START Records shown
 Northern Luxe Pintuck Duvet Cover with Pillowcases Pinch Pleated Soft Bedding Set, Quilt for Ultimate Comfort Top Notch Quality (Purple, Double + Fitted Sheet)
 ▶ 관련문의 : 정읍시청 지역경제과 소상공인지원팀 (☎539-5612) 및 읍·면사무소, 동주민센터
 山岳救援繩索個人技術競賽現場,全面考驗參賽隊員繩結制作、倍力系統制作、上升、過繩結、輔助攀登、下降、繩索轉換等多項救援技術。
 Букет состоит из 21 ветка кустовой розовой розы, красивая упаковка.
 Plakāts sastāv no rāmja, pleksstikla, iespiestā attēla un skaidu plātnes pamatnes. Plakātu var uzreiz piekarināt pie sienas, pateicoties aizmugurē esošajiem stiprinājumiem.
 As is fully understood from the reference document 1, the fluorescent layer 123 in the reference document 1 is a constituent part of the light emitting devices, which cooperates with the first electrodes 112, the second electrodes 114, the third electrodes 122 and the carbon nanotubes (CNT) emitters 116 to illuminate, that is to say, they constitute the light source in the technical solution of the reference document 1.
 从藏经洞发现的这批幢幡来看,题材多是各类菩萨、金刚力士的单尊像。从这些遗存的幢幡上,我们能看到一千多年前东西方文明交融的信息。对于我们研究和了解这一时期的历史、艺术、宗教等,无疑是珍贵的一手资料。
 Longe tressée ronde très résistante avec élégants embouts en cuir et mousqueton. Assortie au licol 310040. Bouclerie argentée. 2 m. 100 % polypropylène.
END Records shown
START Records shown
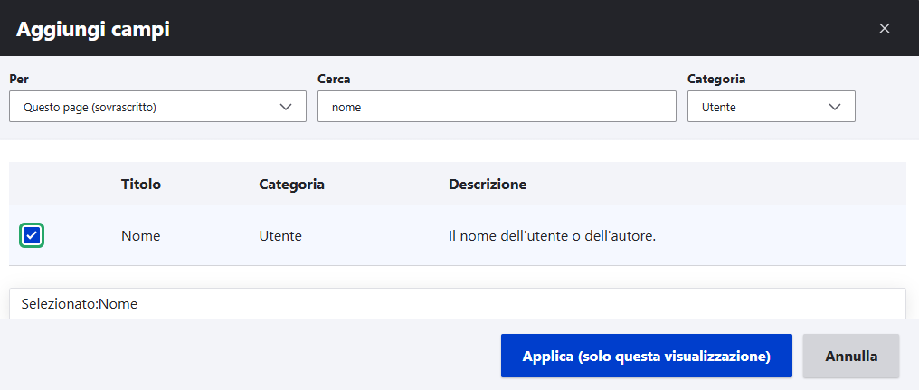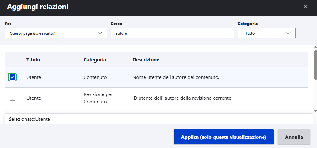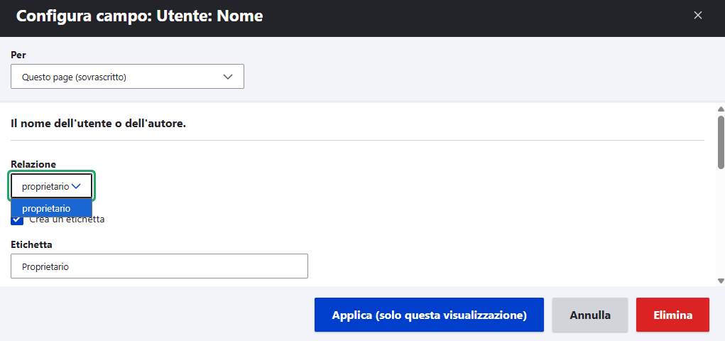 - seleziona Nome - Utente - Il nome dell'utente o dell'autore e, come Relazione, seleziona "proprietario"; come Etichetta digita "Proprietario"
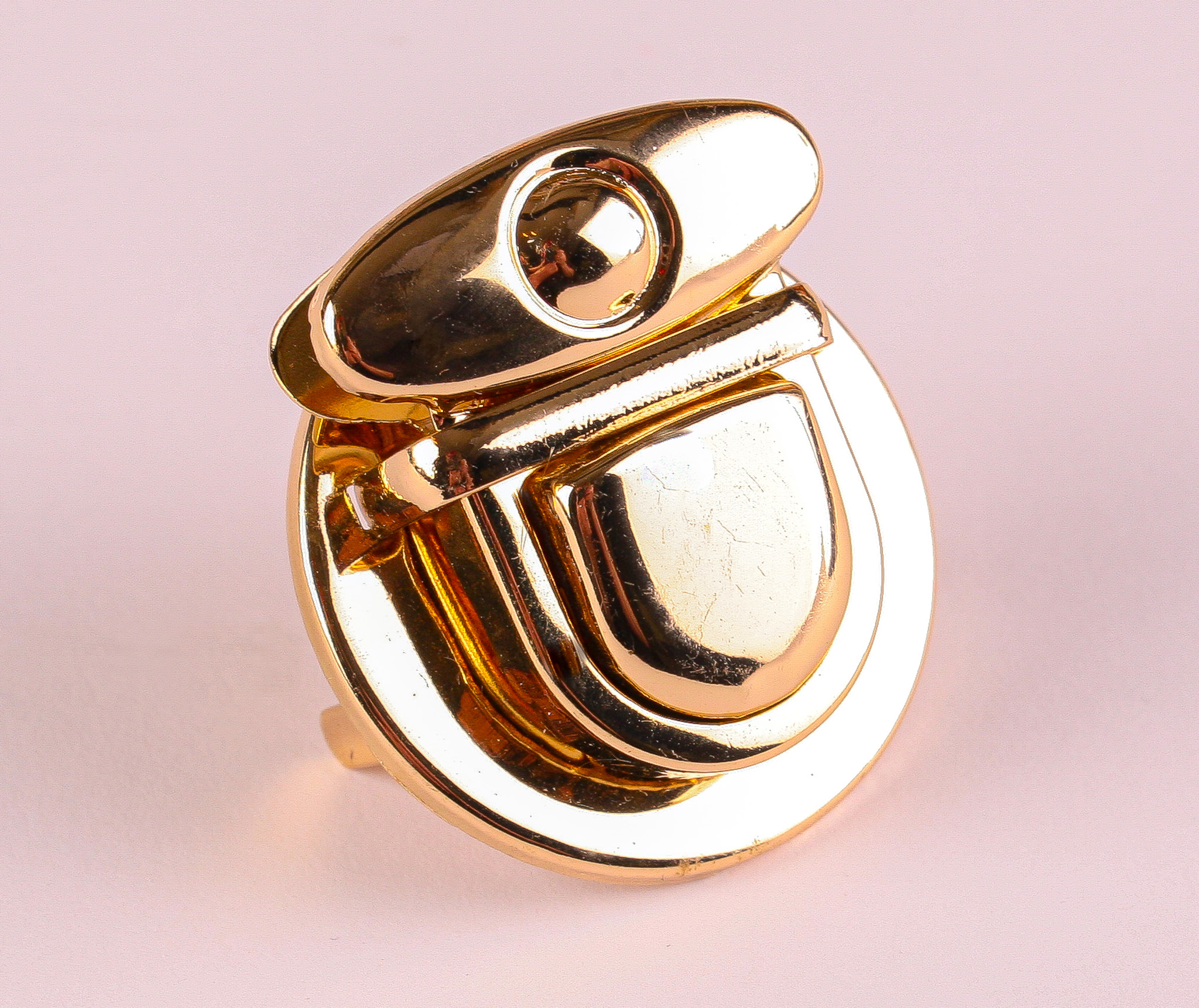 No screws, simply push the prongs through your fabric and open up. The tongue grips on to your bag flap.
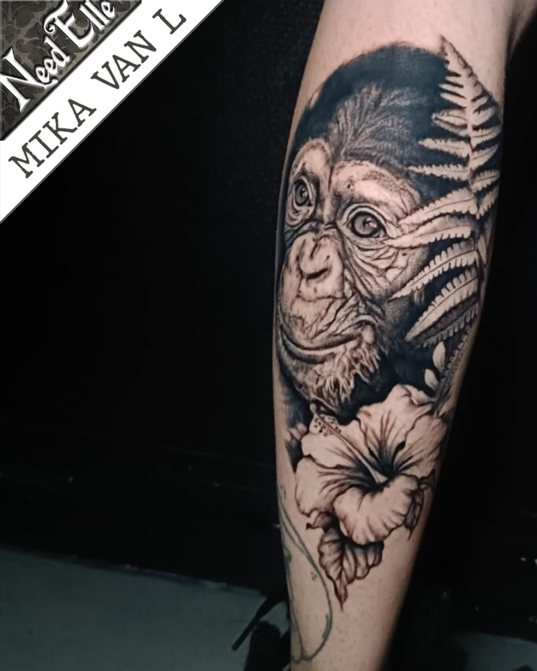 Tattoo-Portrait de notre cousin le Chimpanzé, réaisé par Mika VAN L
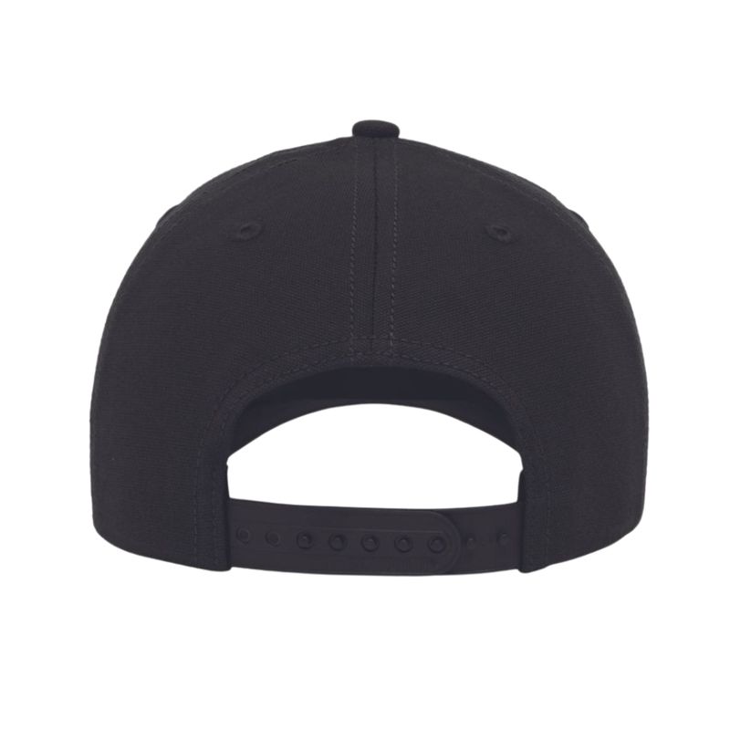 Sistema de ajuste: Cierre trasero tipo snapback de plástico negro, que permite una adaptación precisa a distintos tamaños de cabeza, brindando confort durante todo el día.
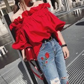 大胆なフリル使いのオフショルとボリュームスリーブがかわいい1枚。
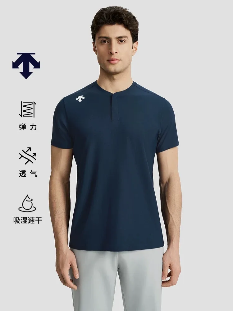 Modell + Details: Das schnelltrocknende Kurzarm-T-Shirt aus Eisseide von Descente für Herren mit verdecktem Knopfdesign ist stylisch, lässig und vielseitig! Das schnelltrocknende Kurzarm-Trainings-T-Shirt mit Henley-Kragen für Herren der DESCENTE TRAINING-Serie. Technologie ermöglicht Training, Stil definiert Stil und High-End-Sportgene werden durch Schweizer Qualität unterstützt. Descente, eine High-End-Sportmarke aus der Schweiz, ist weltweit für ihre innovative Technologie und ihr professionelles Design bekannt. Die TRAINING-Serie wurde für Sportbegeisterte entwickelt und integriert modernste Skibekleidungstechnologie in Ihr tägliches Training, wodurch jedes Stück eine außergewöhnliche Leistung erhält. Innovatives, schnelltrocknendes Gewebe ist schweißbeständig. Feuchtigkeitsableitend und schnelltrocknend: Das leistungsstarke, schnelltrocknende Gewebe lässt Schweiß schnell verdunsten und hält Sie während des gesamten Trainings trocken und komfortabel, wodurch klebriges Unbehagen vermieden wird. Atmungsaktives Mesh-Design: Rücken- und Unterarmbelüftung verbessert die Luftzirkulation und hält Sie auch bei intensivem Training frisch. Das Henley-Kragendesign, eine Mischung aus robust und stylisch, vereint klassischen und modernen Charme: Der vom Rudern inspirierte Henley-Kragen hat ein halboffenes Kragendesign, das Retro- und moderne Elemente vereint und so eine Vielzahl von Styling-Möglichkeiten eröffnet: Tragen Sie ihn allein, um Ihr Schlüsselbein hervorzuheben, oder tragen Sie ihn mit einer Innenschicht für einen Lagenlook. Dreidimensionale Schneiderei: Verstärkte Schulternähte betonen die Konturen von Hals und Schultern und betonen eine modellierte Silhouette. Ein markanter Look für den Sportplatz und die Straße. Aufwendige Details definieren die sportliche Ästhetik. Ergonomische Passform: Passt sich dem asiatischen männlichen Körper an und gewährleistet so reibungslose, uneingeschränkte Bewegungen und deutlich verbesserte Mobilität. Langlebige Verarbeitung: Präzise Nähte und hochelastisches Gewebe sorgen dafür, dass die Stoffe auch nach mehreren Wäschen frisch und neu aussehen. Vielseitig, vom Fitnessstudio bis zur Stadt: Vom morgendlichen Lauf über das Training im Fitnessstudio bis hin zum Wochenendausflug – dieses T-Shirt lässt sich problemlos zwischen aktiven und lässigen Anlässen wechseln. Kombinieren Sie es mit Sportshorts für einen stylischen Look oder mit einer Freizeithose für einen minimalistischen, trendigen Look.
END Records shown
▶ [Task item] Above this task is a listing with pictures in it. Retype only the lines from the one containing "Sistema de ajuste: Cierre" through the one containing "大胆なフリル使いのオフショルとボリュームスリーブがかわいい1枚。", both included, and not the pictures.

▶ [Exercise output]
 Sistema de ajuste: Cierre trasero tipo snapback de plástico negro, que permite una adaptación precisa a distintos tamaños de cabeza, brindando confort durante todo el día.
 大胆なフリル使いのオフショルとボリュームスリーブがかわいい1枚。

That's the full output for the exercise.